4 pounds roast, trimmed, cubed
1 cup all-purpose flour
1/3 cup olive oil
2 large onion, diced
6 ounces tomato paste
1 cup red wine
1 pound potato, cubed
1/2 pound baby carrots
2 cups beef broth
1 tablespoon kosher salt
1 teaspoon thyme
1 bay leaf
1 cup frozen peas

Coat the beef in the flour. Heat a few tablespoons of the oil in a large skillet over medium-high heat. Brown the meat, a few pieces at a time, adding more oil as necessary. Transfer to a 4- to 6-quart slow cooker. Add the onions to the skillet and cook over medium heat until tender, about 10 minutes. Stir in the tomato paste and coat the onions; transfer to the cooker. Pour the wine into the skillet and scrape up any browned bits; add to the cooker.

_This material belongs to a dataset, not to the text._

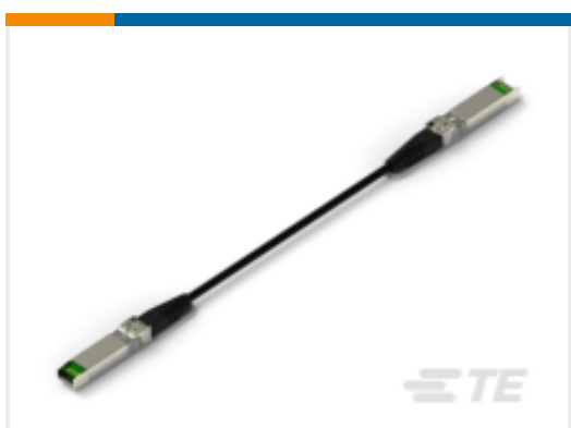
TE Part # 4-2334985-2 SFP56 DIRECT ATTACH CA, 1M, 32AWG

Stir in the potatoes, carrots, broth, salt, thyme, and bay leaf. Cover and cook on low heat for 7 1/2 hours, or on high for 4 hours. Add the peas and heat through.

Serves 10.

Per Serving (excluding unknown items): 467 Calories; 17g Fat (33.4% calories from fat); 46g Protein; 28g Carbohydrate; 3g Dietary Fiber; 105mg Cholesterol; 1101mg Sodium.

Exchanges: 1 1/2 Grain(Starch); 6 Lean Meat; 1 1/2 Vegetable; 1 1/2 Fat.